- Born: Helen Roberta Speller 24 October 1935 Buffalo, New York
- Died: 24 April 1995 (aged 59) Cedars Sinai Hospital, Los Angeles, California
- Education: North Texas State University
- Years active: 1968–1995
- Label: Holly's Harp
- Spouse: James "Jim" Harp ​ ​(m. 1965; div. 1981)​
- Partner: Mark Buckman
- Children: 1
- Awards: Distinguished Alumnus from University of North Texas (1979)

= Holly Harp =

American fashion designer (1939–1995)

Helen Roberta Speller (also known as Holly Harp) (24 October 1939 – 24 April 1995) was an American fashion designer based in Los Angeles known for her nostalgic designs and style reminiscent of the hippie era.

==Life==
Born as Helen Roberta Speller on October 24, 1939 in Buffalo, New York, Holly Harp studied art and costume design at North Texas State University, where she met her husband, James "Jim" Harp, whom she married in 1965 and would later divorce in 1981. The Harps stayed in business together, with Jim serving as sales director starting in 1986. Harp attended night classes to learn pattern making. They had a son, Thomas "Tommy/Tom" Harp. Harp died of ovarian cancer on April 24, 1995 at the Cedars Sinai Hospital in Los Angeles. She also had breast cancer. Her mother predeceased her, dying when Harp was nine years old. Harp was survived by her ex-husband, son, fiancé, and siblings: sisters Elizabeth Horn and Sarah Bozzola, and brother Thomas Speller Jr.

==Work==
Harp's work consisted of materials including nylon, silk, rayon, jersey, and chiffon. The style of her work ranged from a hippie, psychedelic style to a romantic, fantasy inspired style. She began work upcycling fabrics and thrifting to make ready-made clothes and doing custom orders. She designed evening wear, and prized theatrics as well as the happiness and confidence of her clients. She considered herself to work with nostalgia, and Harp's fiancé at the time of her death, Mark Buckman, said that she had described her work as "counterculturalist". Geraldine Stutz is credited with introducing Harp to a wider audience as the president of Henri Bendel.

In 1968, Harp opened "Holly's Harp", a boutique on the Sunset Strip. Her work was sold on both coasts, from her store in Los Angeles to stores on Fifth Avenue, such as the stores Henri Bendel, Bergdorf Goodman, and Neiman Marcus. After her collection's appearance at Henri Bendel in 1972, she began manufacturing herself. In 1973, Harp filed for a patent under the name "Holly's Harp and Design" under "Holly's Harp Inc". Harp was one of the designers who took over the work from designer Anne Klein after her death in 1974. In 1978, clothes from her factory were shipped to ninety stores. In 1986, her designs at Henri Bendel sold for $650 to $1,350. The boutique Holly's Harp closed in 1986, though she continued to work at her studio in Culver City until her death in 1995. After her diagnosis of breast cancer, Harp claimed her assistant Amy Michelson as the designer to continue her line.

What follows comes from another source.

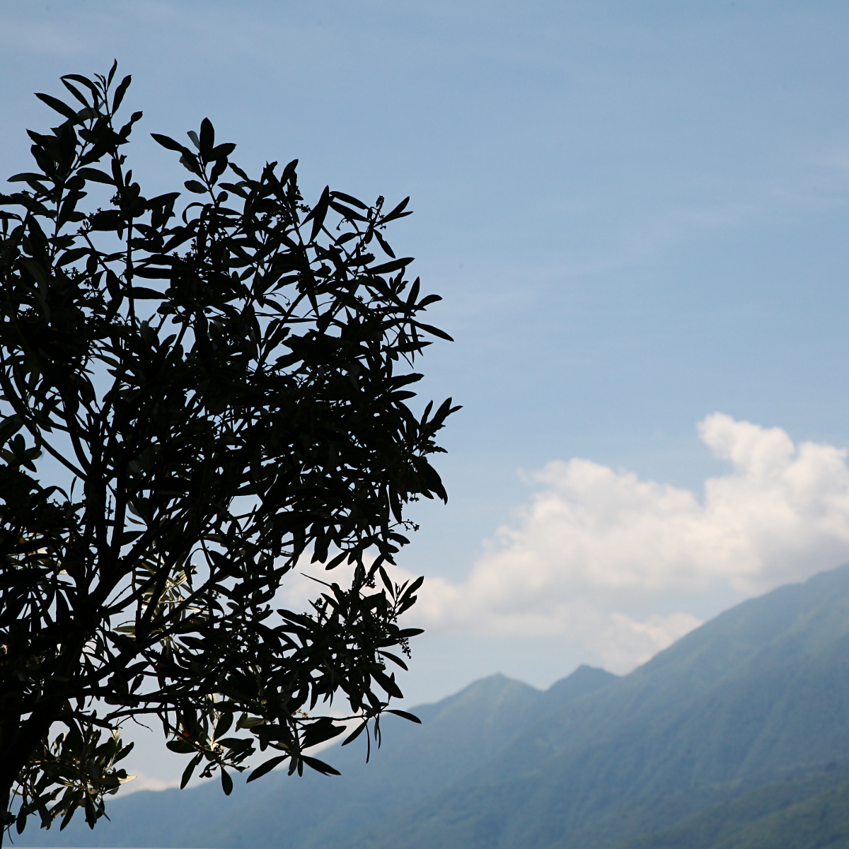 L'inquadratura riproduce la vista di quel momento. Fuori la temperatura stava salendo creando quel velo azzurro che copre tutto. Intanto mi chiedevo se salendoci in montagna si poteva trovare un po' di frescura, ed osservavo le piante del balcone un po' sofferenti/rinsecchite.
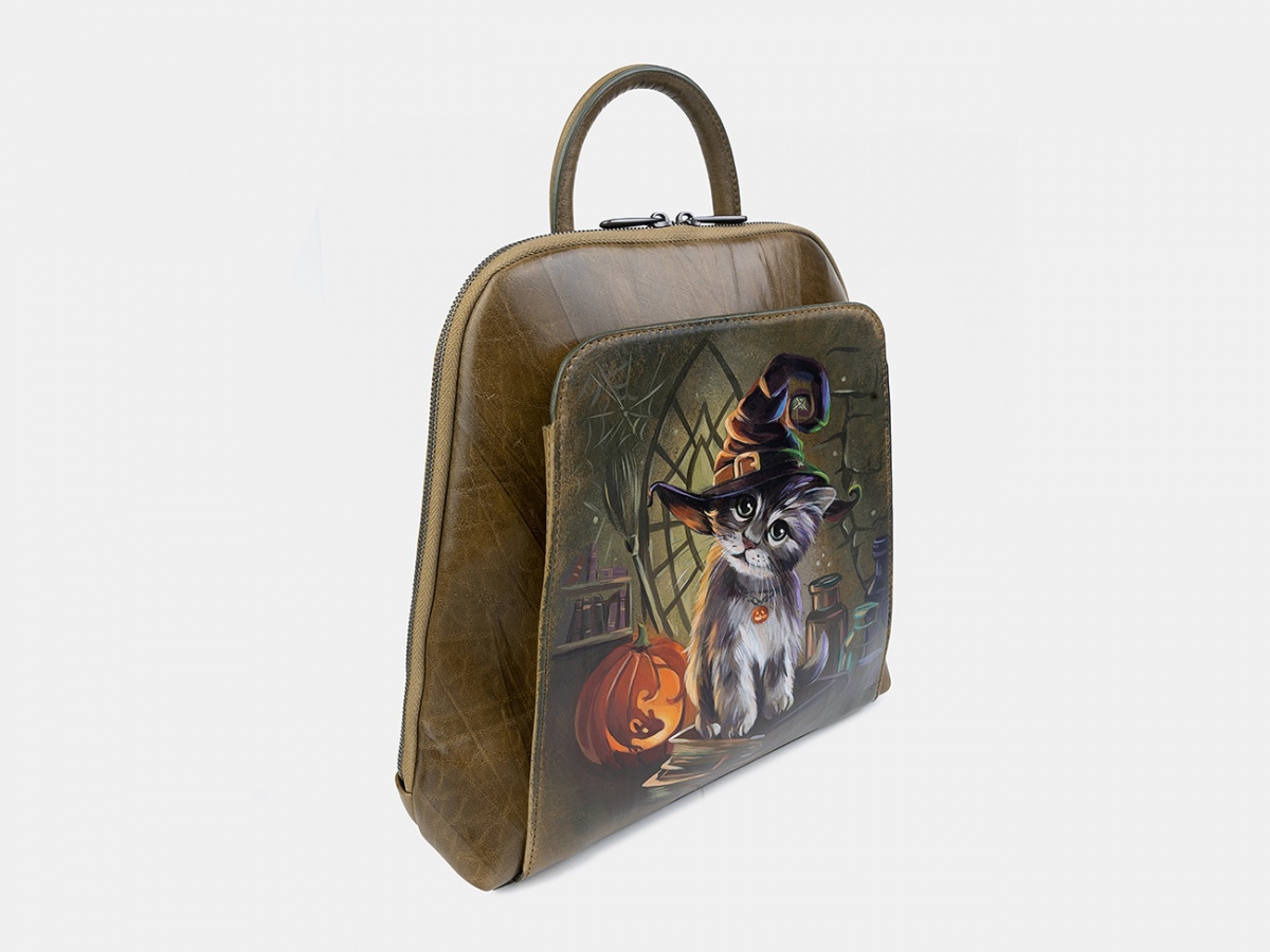 Рюкзак для повседневного использования с росписью "Котенок Halloween" ручной работы на заказ | Купить

In 1994, Harp's jacket with two shirts retailed for $3,185. The firm "Holly's Harp" was inherited by her son and continued operations, including the creation of a new clothing line titled "HH by Amy Michelson” and a bridal line “Amy Michelson Wedding“ as well as the “Amy Michelson for Holly Harp” collection, until closing in 1999 at a stable volume of business of roughly $2.5 million.

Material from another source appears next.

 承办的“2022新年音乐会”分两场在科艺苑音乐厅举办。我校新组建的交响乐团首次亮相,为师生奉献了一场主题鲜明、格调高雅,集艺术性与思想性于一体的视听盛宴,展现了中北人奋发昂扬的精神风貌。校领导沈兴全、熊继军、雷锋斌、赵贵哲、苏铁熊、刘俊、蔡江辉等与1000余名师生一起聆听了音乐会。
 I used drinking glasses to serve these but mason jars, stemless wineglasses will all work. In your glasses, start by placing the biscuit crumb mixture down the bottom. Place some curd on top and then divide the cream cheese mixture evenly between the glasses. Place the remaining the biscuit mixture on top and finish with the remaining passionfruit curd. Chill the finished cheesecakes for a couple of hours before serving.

Her work was worn by celebrities such as Janis Joplin, Liza Minnelli, Diana Ross, Grace Slick, Barbra Streisand, and Jane Fonda. She was the stylist for Stevie Nicks, and created her stage persona. She was additionally head costume designer on movies such as Sleeper and The Turning Point, and her work appeared in the movie Cabaret. She was credited as the inspiration for clothes by fashion brands Gucci and Marc Jacobs by Cameron Silver in June 2002.

Her activity in the Los Angeles community extended to other artists and causes. She designed clothes for Judy Chicago to paint on for International Festival of the Arts in New York, held a fundraiser with Elyse Grinstein to raise money for Chicago's art project "The Dinner Party" in 1990 which Harp had also worked with Chicago on, and donated fabrics to Chicago's projects "Creation of the World". Harp did a show at a luncheon for the Cedars Sinai Hospital, and delivered meals to AIDs patients during protests.

==Awards and collections==
Her work was nominated twice for the Coty Awards, and nominated for an award at the Los Angeles Woman's Building Annual Vesta Awards ceremony in 1990. She won the Distinguished Alumnus award in 1979 from her alma mater, University of North Texas.

Harp's work is stored in collections at the MET, the Fashion Institute of Design & Merchandising Museum, the Oakland Museum of California, the Boston Museum of Fine Arts, the Philadelphia Museum of Art, and Thomas Jefferson University.